自社の強み・弱みを洗いだすSWOT分析・ロジックツリーの使い方

事業概要シートで「自社が何者か」をまとめたら、次は自社のどこに強みがあり、どこに課題があるのかを見極めます。

  • SWOT分析:自社の状況を4つの視点で整理し、「何が強みで」「何が課題か」「どんな機会があり」「どんなリスクがあるか」を書き出す
  • ロジックツリー:困りごと(弱み)に対して、何が原因になっているかを分解する

この2つによって、自社が置かれている状況が把握しやすくなり、マーケティング分析の土台として使えるようになります。このページでは、SWOT分析とロジックツリーを使用し、戦略を考えるための材料を用意していきます。

SWOT分析で「自社の現状」を棚卸しする

SWOT分析SWOT分析

SWOT分析とは?

SWOT分析は、自社の状況を「強み」「弱み」「機会」「脅威」の4つに分けて整理し、戦略を考えるための判断材料をそろえるフレームワークです。
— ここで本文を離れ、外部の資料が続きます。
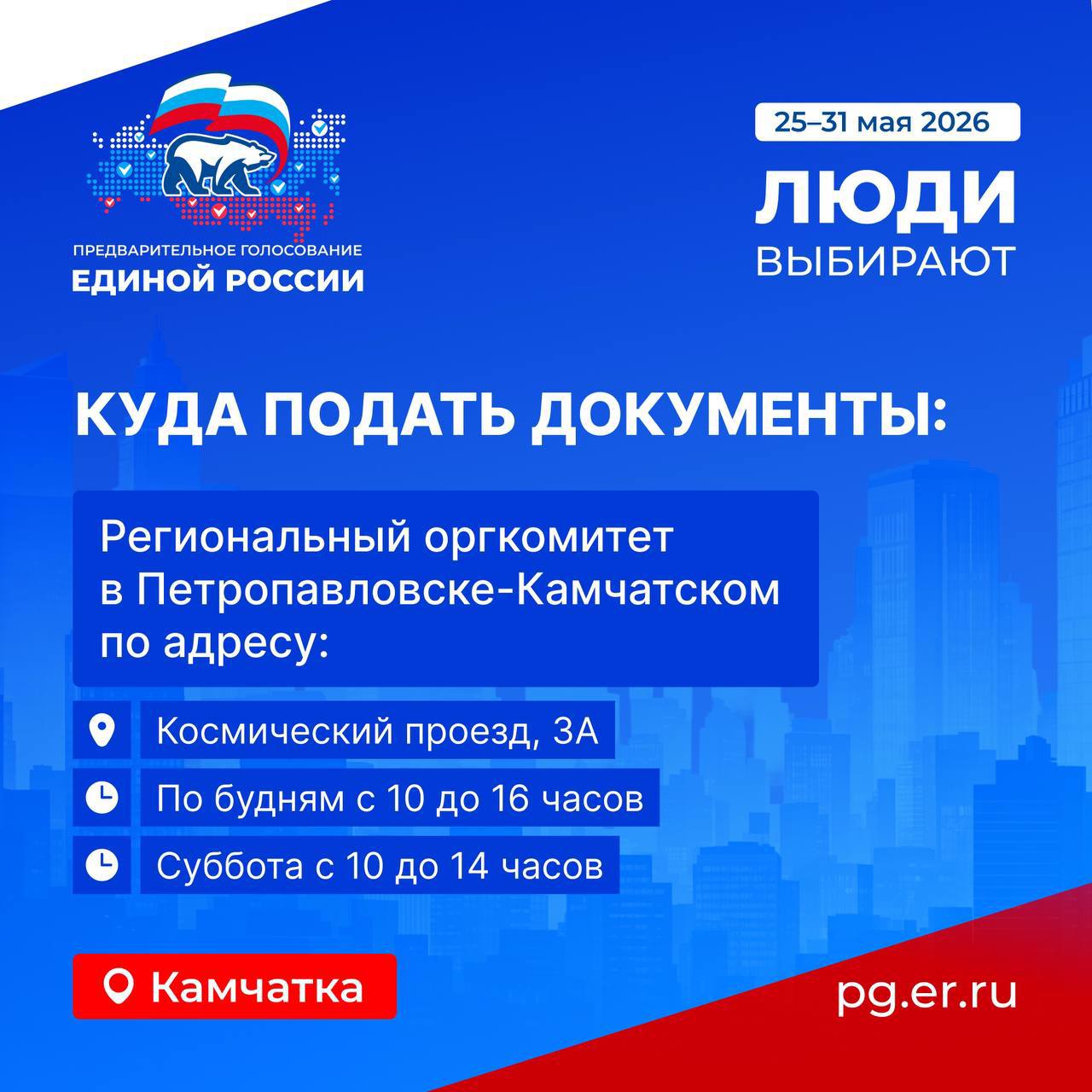 г. Петропавловск-Камчатский, Космический проезд, 3А по будням с 10:00 до 16:00, суббота с 10:00 до 14:00. Принять участие в народном голосовании смогут все жители Камчатки.

これまで肌感覚で行っていた判断を、きちんと情報として書き出し、社内のメンバーが同じ基準で理解できる状態にします。

  • S(強み)自社の武器(実績、体制、技術、対応範囲、仕組み など)
  • W(弱み)自社の不利(人手、対応できない領域、説明が難しい点 など)
  • O(機会)外の追い風(顧客の困りごとが増えている、需要が伸びている など)
  • T(脅威)外の向かい風(競合、価格競争、代替手段、規制 など)

SWOTで得たい結論(ここが目的)

  • どんな相手・状況なら選ばれやすいか(狙いたいターゲット)
  • どんな条件や相手は避けるべきか(負けやすいターゲット)
  • 何を理由に選ばれるべきか(勝ち方。相手の意思決定に刺さる)

「事業概要シート」からSWOT分析に転記する手順

事業概要シートで入力した情報を、そのままSWOTシートにも同じようにコピーします。必要であれば、追記してください。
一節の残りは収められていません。